When we criticize a play or a movie, we look separately at the quality of the performances and of the script. Sometimes we perceive that a great script was ruined by poor performances, and at other times we think that strong actors were undone by a bad script. While there are actresses who because of their range, could do a better job of the role of Queen or Princess than Elizabeth or Diana (Helen Mirren and Kristin Scott Thomas come to mind), these roles themselves do not make sense. In earlier centuries, the Queen might be an object or a consort, but she might also act as an advisor or be a power center in herself, as when she represented the sealing of an alliance between two families or two nations. The Princess of Wales, as the Queen in waiting, might also play any of these roles. But in the years beginning with the English Revolution of 1688, the British have cut their royal family down to size without quite eliminating it. The monarch used to rule the country; now the holder of the throne plays a purely ceremonial role. No respectable actor would want to play a part with the meat cut out of it; the royal family is nothing more than a sign with the significance surgically removed. Since the royal role in Britain apparently no longer requires a human to play it, one wonders why they don't cast an object, such as the Magna Carta, in the role instead. It would be much less trouble. (The argument has been made that the Constitution is what we have instead of royalty in this country.)

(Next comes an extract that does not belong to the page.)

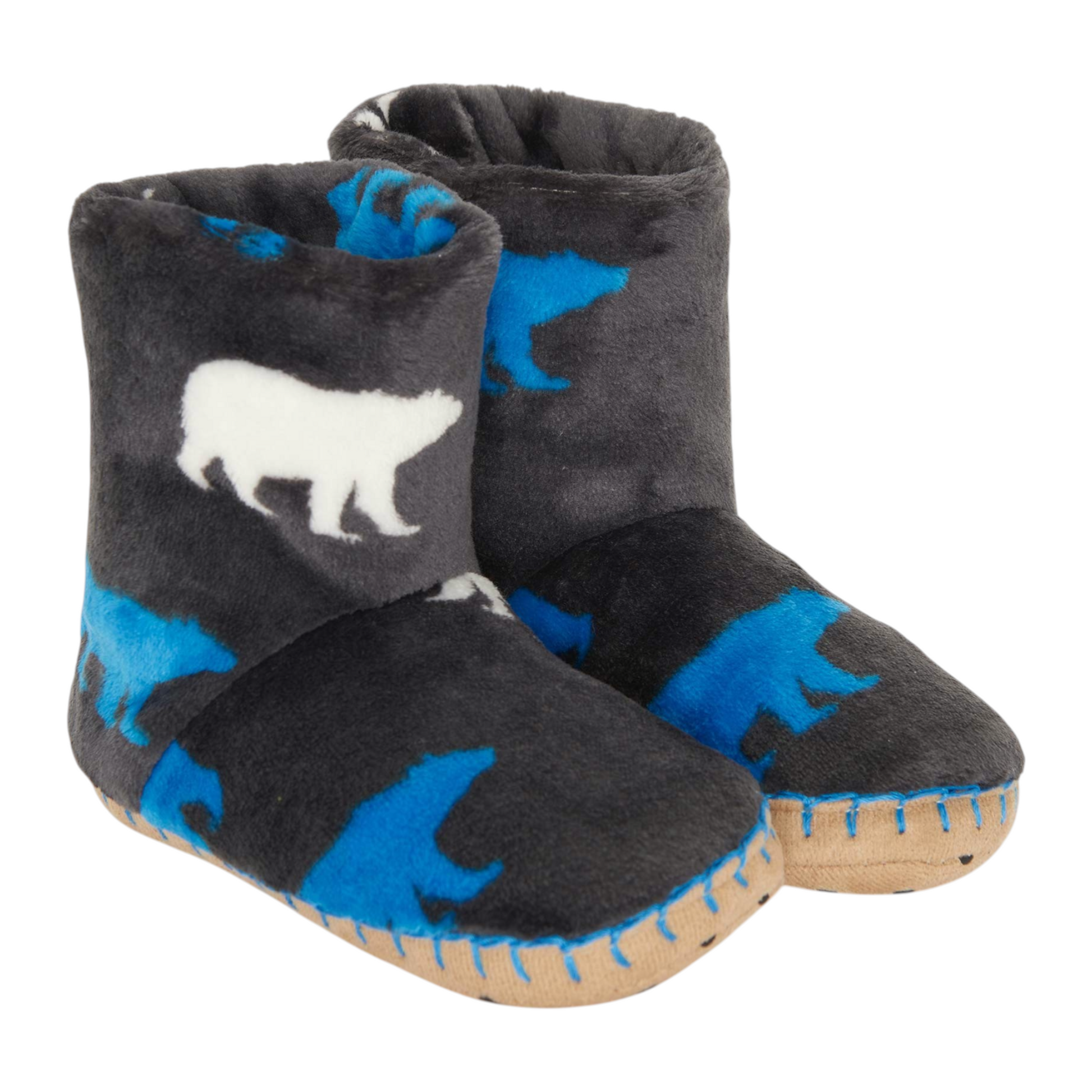 Hatley Polar Bear Silhouette Fuzzy Fleece Slippers

So Diana's job, of being Princess of Wales, was a job description that didn't make sense, and the woman herself didn't have the native ability to do the job if it had. In the end, she failed dramatically in almost every way, and the public loved her the more for it, because people love the glorious failure of a sign. She was their sacrificial sign, like the wicker man burned in ancient English ritual, and she crumpled bearing with her their love and hostility. She crumpled cathartically, like a soap opera character, so that her public would not have to. "I would not feel so all alone," Bob Dylan once sang, "everyone must get stoned." This might have made a more truthful epitaph for Diana than Elton John's rewritten Candle in the Wind.

Some movies are drawn from life, while others are drawn from earlier movies which are themselves derivative. The latter kind may make hundreds of millions of dollars at the box office, but when the shallow and vain people of Hollywood gather to honor themselves, the movies they choose in their Oscar ceremony tend to be the former kind. Even people who aren't introspective tend to prefer art which mirrors life, rather than the reflection of a reflection. Diana's life, like that of any member of the royal family, could only have been art if it was to be anything at all, because all prospects of action were foreclosed to her. But because her only significance was that she was a sign, because Diana herself was not rooted in any life that we recognize, Diana failed, both as a woman, and as a sign.